In this study, magnesium-ion-substituted, sodium-deficient, P3- and P2-layered manganese oxide cathodes (Na_0.67Mg_0.1Mn_0.9O₂) were synthesized through a facile polyol-assisted combustion technique for applications in sodium-ion batteries. The electrochemical reaction pathways, structural integrity, and long cycling ability at low current rates of the P3- and P2-phases of the Na_0.67Mg_0.1Mn_0.9O₂ cathodes were investigated using time-consuming techniques, such as galvanostatic titration and series cyclic voltammetry. The results obtained from these techniques were supported by those obtained from operando X-ray diffraction (XRD) analysis. Particularly, the P2-phase provided excellent structural stability owing to its intrinsic crystal structure, thereby exhibiting a reversible capacity retention of 82.6% after 262 cycles at a low rate of 0.1 C; in contrast, the P3-phase exhibited a capacity retention of 38.7% after 241 cycles at a similar current rate. The air stability of these as-prepared powders, which were stored under ambient conditions, was progressively analyzed over a period of 6 months through XRD without conducting any special experiments. The results suggest that in the P3-phase, the formation of NaHCO₃ and hydrated phase impurities, resulting from Na⁺/H⁺ exchange and hydration reactions, respectively, was likely to occur more quickly, that is, within a few days, compared to that in the P2-phase.

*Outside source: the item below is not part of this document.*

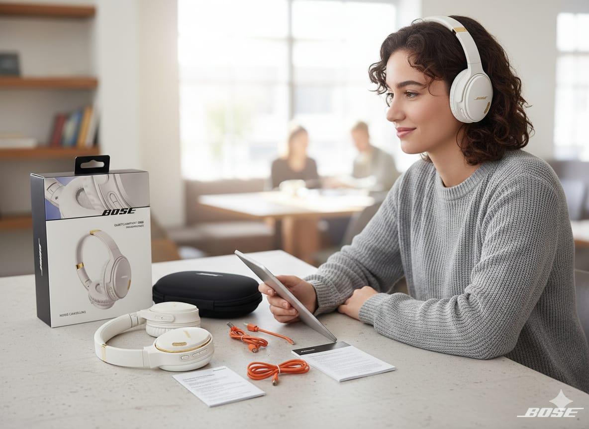 Casque Sans Fil Type Bose QuietComfort – Édition Blanc & Or

Structural Origins of Voltage Hysteresis in the Na-Ion Cathode P2-Na0.67[Mg0.28Mn0.72]O2: A Combined Spectroscopic and Density Functional Theory Study

P2-layered sodium-ion battery (NIB) cathodes are a promising class of Na-ion electrode materials with high Na+ mobility and relatively high capacities. In this work, we report the structural changes that take place in P2-Na0.67[Mg0.28Mn0.72]O2. Using ex situ X-ray diffraction, Mn K-edge extended X-ray absorption fine structure, and 23Na NMR spectroscopy, we identify the bulk phase changes along the first electrochemical charge-discharge cycle-including the formation of a high-voltage "Z phase", an intergrowth of the OP4 and O2 phases. Our ab initio transition state searches reveal that reversible Mg2+ migration in the Z phase is both kinetically and thermodynamically favorable at high voltages. We propose that Mg2+ migration is a significant contributor to the observed voltage hysteresis in Na0.67[Mg0.28Mn0.72]O2 and identify qualitative changes in the Na+ ion mobility.